In Sep 2016, a hedge fund client asked for my take on Deutsche Bank [DB.] The stock had broken down and fallen 33% in three months. Priced at around 11.23, they were considering shorting it.
A few hours later, it became apparent to me that DB was not only not a good short, but was a strong buy. Somewhat skeptical, they thanked me and authorized the publishing of my work on our website [see: Deutsche Bank: Will it Survive?]
As it turned out, DB bottomed out two days later at 11.19 and began a very nice bounce, tagging successive upside targets over the next four months. [see: Deutsche Bank: Another Pause or More?] At that point, it seemed vulnerable to me. I set some downside targets and pretty much forgot about it for a while. My client had lost interest, and I was on to more interesting issues.
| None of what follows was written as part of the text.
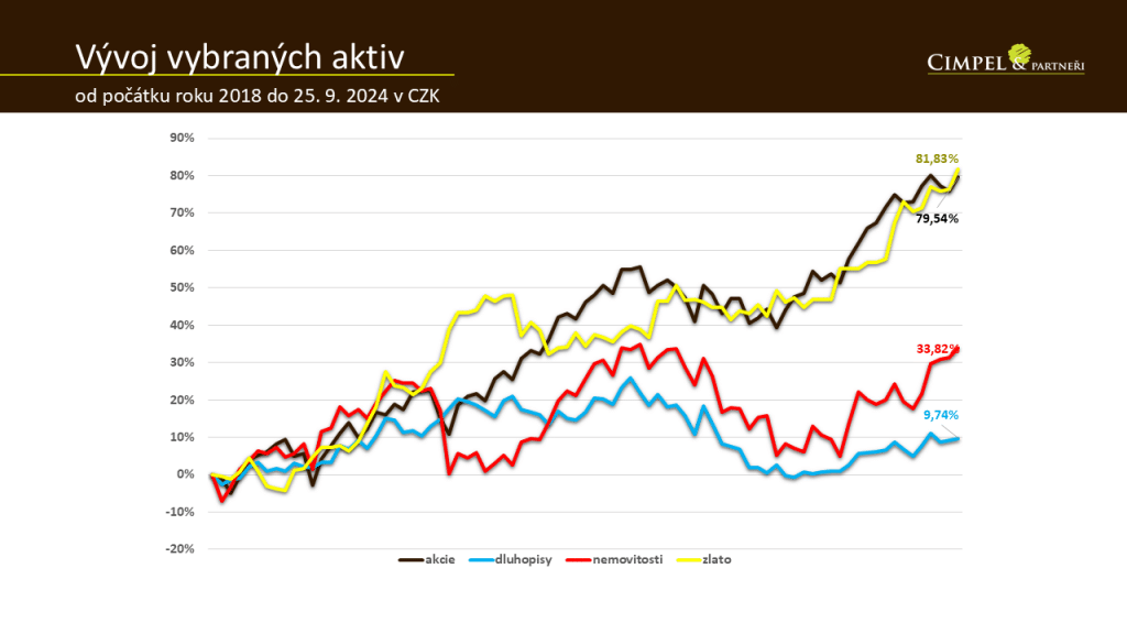 Jiří: Když se podíváme na další aktiva, můžeme vidět zajímavý fenomén posledních let. Žlutá čára ukazuje vývoj kurzu zlata, které se od roku 2018 drží na úrovni výnosu srovnatelném s akciemi. I v září jsme viděli posílení kurzu zlata v reakci právě na pokles úrokových sazeb americké centrální banky. Přičítáme to určité nejistotě na finančním trhu a takovému otazníku, jestli to snížení úrokových sazeb na straně centrální banky přišlo včas, jestli to není signál nějaké potenciální recese atd. Tedy samozřejmě mírnou nervozitu vnímáme a na to zlato reaguje pozitivně růstem. Já osobně bych ale byl opatrný ohledně spekulace na budoucí růst ceny zlata, protože růst zlata na úrovni srovnatelné s akciemi není běžnou situací. Určitě to není běžné tempo, kterým zlato posiluje. Proto bych si pokládal otázku, kdy zlato dosáhne pomyslného maxima, po kterém přijde dost pravděpodobně nějaké silnější vydechnutí.

It was probably just as well, because after reaching our 20.43 upside target DB entered an extended period of chop, gaining and losing 20% over and over again.
My interest was piqued again in the midst of the market meltdown this past February. With $40 trillion in derivatives (in 100 euro banknotes laid end-to-end, it would nearly reach Mars), I wondered how Deutsche was faring. With the stock at 16.13, I posted three downside targets of 14.91, 14.72 and 12.30 [see: What is Deutsche Bank Trying to Tell Us?]
And, if things go badly after Apr 3, then the red channel would break down and open the door to 12.30 – another 24% drop from current levels.
Yesterday, DB reached the lowest of the three, capping off a tidy 150% return over the past 20 months and again raising the question: will Deutsche Bank survive?